Général Bertrand Soubelet : « Je propose une task force de 1500 personnes pour les quartiers en rupture »

Le Général quatre étoiles et vice-président du mouvement Objectif France dresse le bilan sécuritaire du macronisme, après en être revenu, et esquisse une ferme politique de contre-pied.
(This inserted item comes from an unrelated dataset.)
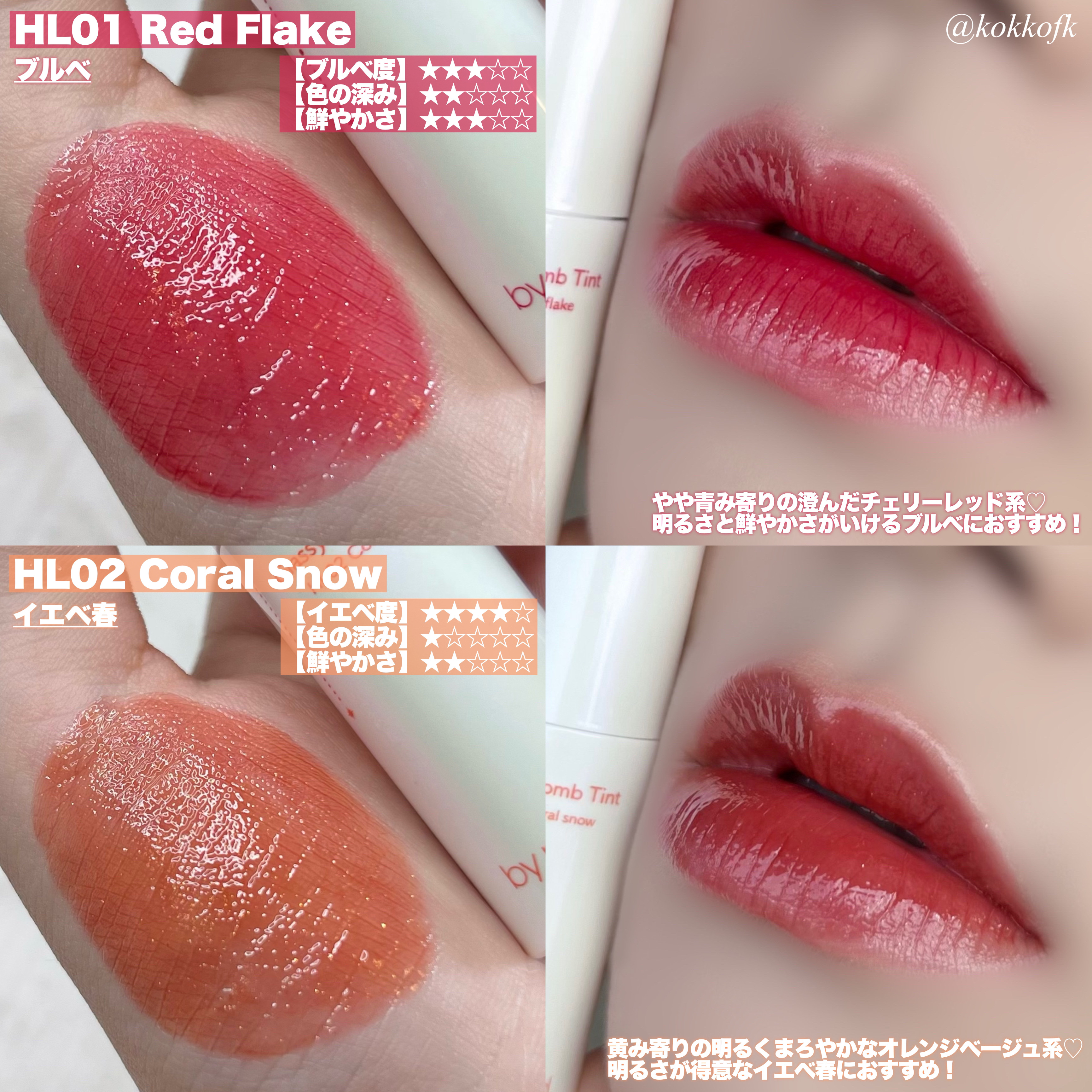 既存のジューシーラスティングティントよりさらに軽いツヤ感が魅力の新作ティント! 色選びの参考にしてね! やや黄みの明るいオレンジコーラル鮮やか得意なイエベ春におすすめ! 黄みの明るくまろやかなオレンジベージュ黄みが得意なイエベ春におすすめ! 青み黄み中間なくすみピンクベージュブルベ夏やイエベ春におすすめ 黄みの深くて鮮やかなオレンジレッド鮮やか得意なイエベ秋におすすめ! 青みの鮮やかで明るいビビッドピンク明るさ得意なブルベ冬やブルベ夏におすすめ! 青みの明るめで柔らかいローズピンクブルベ夏やブルベ冬におすすめ! 青み黄み中間な鮮やかで強いビビッドレッド2ndイエベ春のブルベ冬におすすめ! 青みの強い深くて鮮やかなベリーレッド2nd夏で鮮やか得意なブルベ冬におすすめ!

Valeurs actuelles. En 2013, vous formuliez devant l’Assemblée nationale de vives critiques sur la politique sécuritaire du gouvernement, vous valant le surnom de « Général courage » mais aussi les foudres de la place Beauvau, qui vous muta en Outre-mer. Comment la situation a-t-elle évolué depuis ?

Bertrand Soubelet.
Tout ce que j’ai dit en 2013 devant l’Assemblée nationale est aujourd’hui encore pertinent, hélas. A part moi, rien n’a bougé ! Les choses ont empiré dans certains domaines, comme en matière d’immigration, et se sont stabilisées dans d’autres. En huit ans par exemple, les chiffres de la délinquance n’ont pas beaucoup évolué, en regard de l’augmentation démographique. En revanche, la violence qui accompagne la délinquance a considérablement augmenté. C’est devenu un marqueur. Il n’y a désormais quasiment pas de délinquance sans violence. Il y a aussi une moins grande acceptation des français de la délinquance, avec une réaction et une prise de conscience bien plus importantes qu’elles ne l’étaient à l’époque. Le fait que les français soient drainés vers des candidats de l’extrême est la preuve qu’ils en ont assez de ce système.

La « guerre civile » si souvent dans les pensées est-elle un fantasme ?
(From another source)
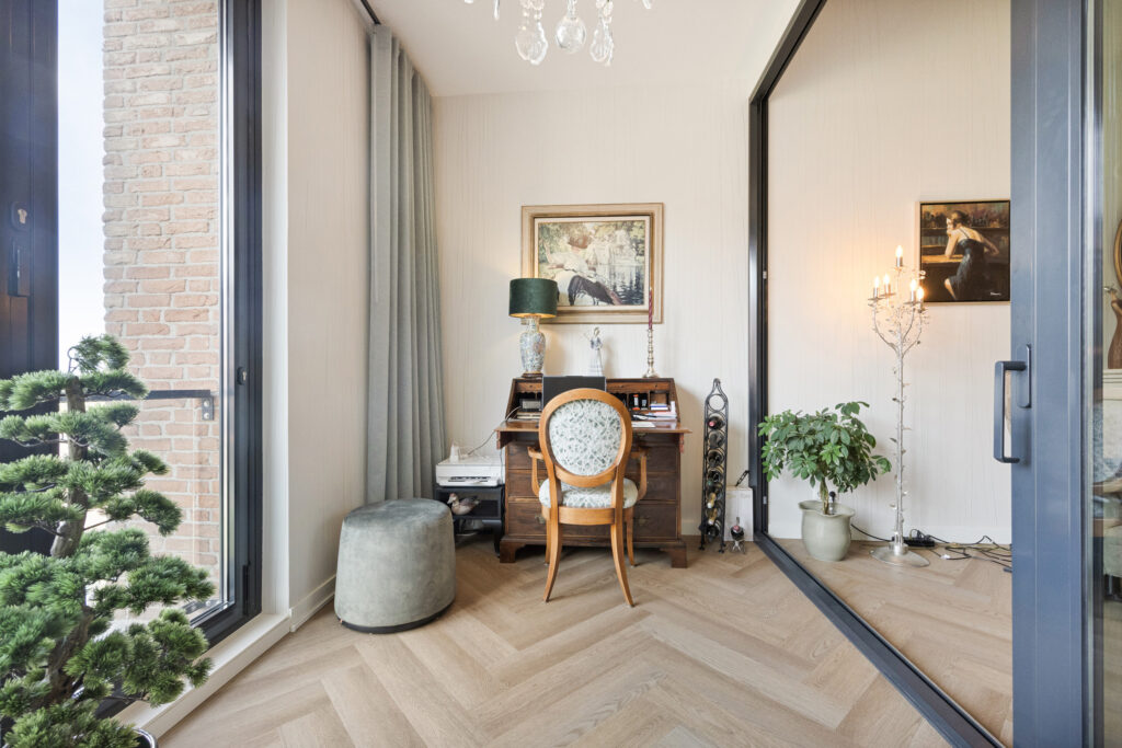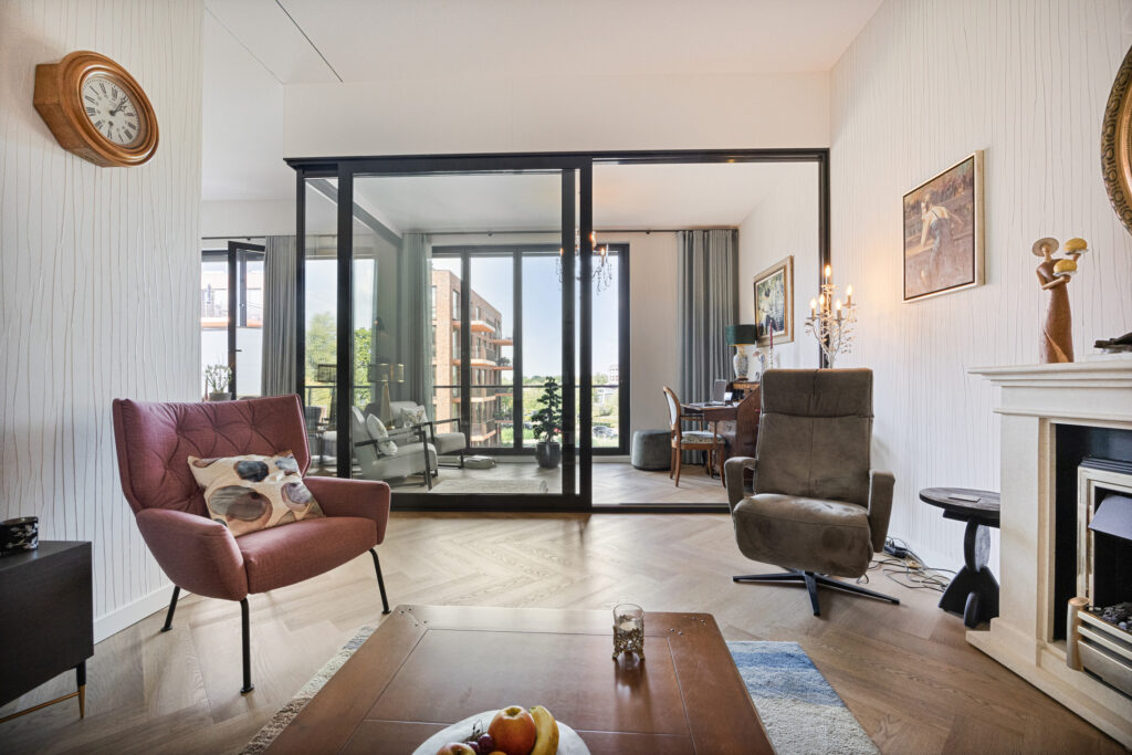 De eetkeuken staat in semi-open verbinding met de zitkamer. Hier heeft u voldoende ruimte om een sfeervolle zithoek te creëren. Middels een grote schuifpui is vanuit de zitkamer de lichte en ruime loggia bereikbaar. Deze ruimte kunt op op verschillende manier in gebruik nemen. Doormiddel van een grote harmonicadeur is het mogelijk om de glazen wanden in de loggia te openen, daardoor kun je optimaal genieten van het mooie weer en het uitzicht. De ruime en geheel betegelde badkamer (Villeroy & Boch) beschikt over een douche (met thermostaatkraan) en glazen schermen, wastafelmeubel met 2 kranen en een 2e hangend closet. Tevens is er een elektrische radiator aanwezig. Riante slaapkamer met walk-in-closet. Deze slaapkamer is op een eenvoudige manier om te bouwen naar 2 aparte slaapkamers. Door de grote raampartijen is er veel lichtinval, deze kunt u afsluiten met de handige Fractions raamdecoratie. Overige ruimtes:

En 2015, devant l’Assemblée nationale, Patrick Calvar, qui était le patron de la Direction Générale de la Sécurité Intérieure (DGSI), disait déjà qu’on était au bord de la guerre civile. Il y a dans notre société beaucoup de paramètres et de fractures qui font croire que l’on est en effet au bord de l’implosion. Mais la capacité de résilience et les limites de notre pays sont repoussées chaque jour davantage. Il faudrait la survenue de plusieurs facteurs en même temps, des attentats, des agressions, des faits divers, pour provoquer quelque chose de ce type. Pour qu’il y ait guerre civile, il faut qu’il y ait deux camps.